_WORK ITEM_
Each line in the data must be reproduced as written, except for any picture.

_DATASET EXTRACT_
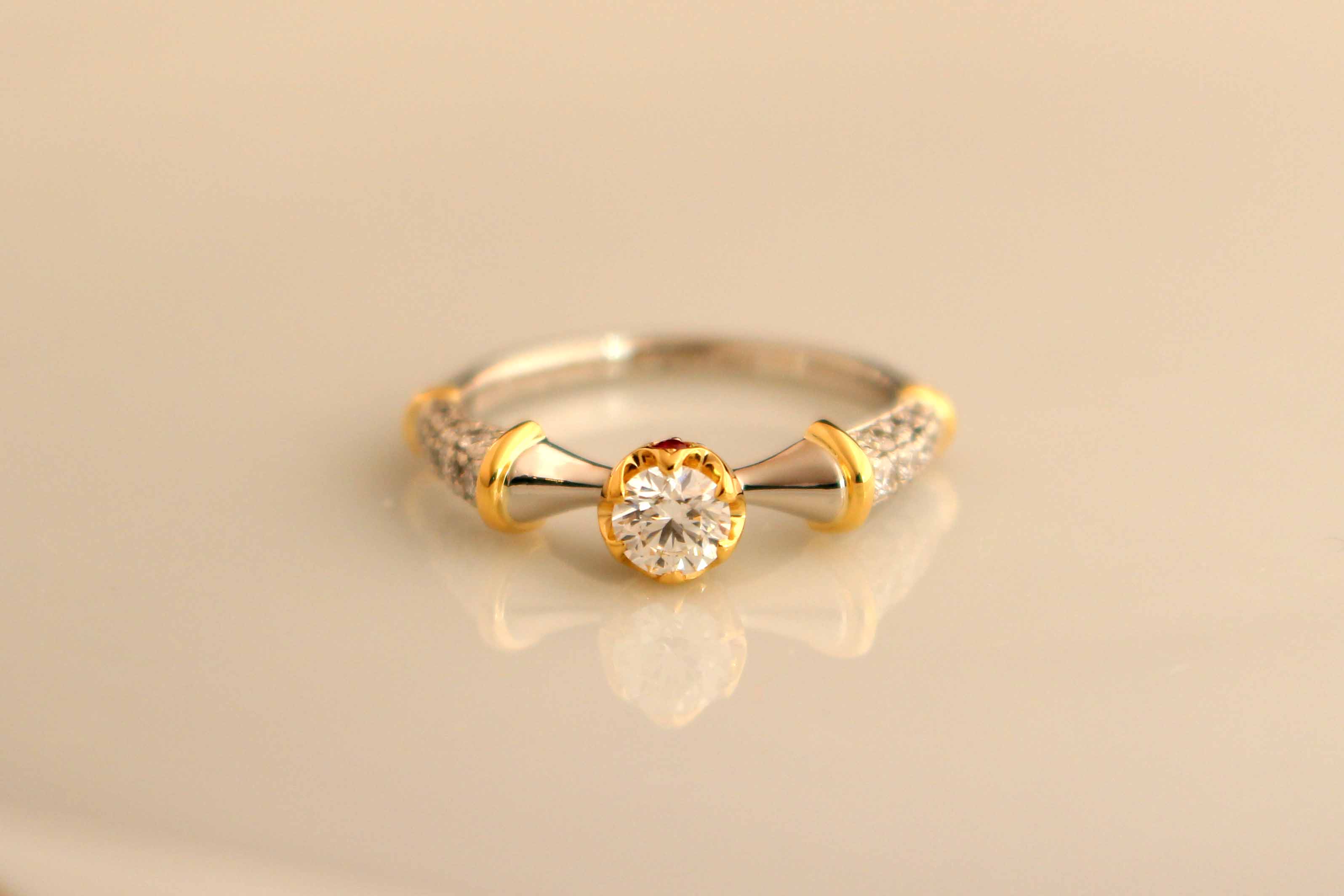 Pt900/K18 エンゲージリング ダイヤモンド0.303/0.264ct
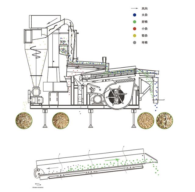 風篩粗選機多功能設備立式風篩機、比重篩選機組成.根據物料和雜質的比重差異.從斗昇機進入旋風桶,被均勻分散進入立式風篩,物料在風力的作用下吹出輕雜質,接著物料流入比重台,依物料和雜質的比重差異比重較小的雜質.壞料:在表層向低處流動壞料口排出,好料:在底層向高處流動,從好料口排出。
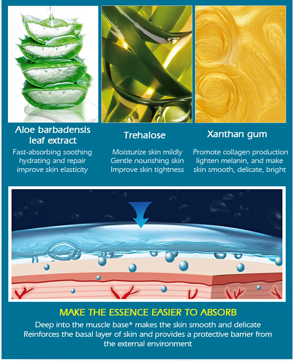 Экстракт листьев алоэ barbadensis, быстро впитывающий, успокаивающий, увлажняющий и восстанавливающий, улучшает эластичность кожи, Трегалоза, увлажняет кожу, мягко питая, улучшает стянутость кожи, ксантановая резинка способствует производству коллагена, осветляет меланин и делает кожу гладкой, Деликатная, яркая эссенция облегчает впитывание глубоко в мышечную базу * делает кожу гладкой и деликатной усиливает базальный слой кожи и обеспечивает защитный барьер от внешней среды

_TASK SOLUTION_
 Pt900/K18 エンゲージリング ダイヤモンド0.303/0.264ct
 風篩粗選機多功能設備立式風篩機、比重篩選機組成.根據物料和雜質的比重差異.從斗昇機進入旋風桶,被均勻分散進入立式風篩,物料在風力的作用下吹出輕雜質,接著物料流入比重台,依物料和雜質的比重差異比重較小的雜質.壞料:在表層向低處流動壞料口排出,好料:在底層向高處流動,從好料口排出。
 Экстракт листьев алоэ barbadensis, быстро впитывающий, успокаивающий, увлажняющий и восстанавливающий, улучшает эластичность кожи, Трегалоза, увлажняет кожу, мягко питая, улучшает стянутость кожи, ксантановая резинка способствует производству коллагена, осветляет меланин и делает кожу гладкой, Деликатная, яркая эссенция облегчает впитывание глубоко в мышечную базу * делает кожу гладкой и деликатной усиливает базальный слой кожи и обеспечивает защитный барьер от внешней среды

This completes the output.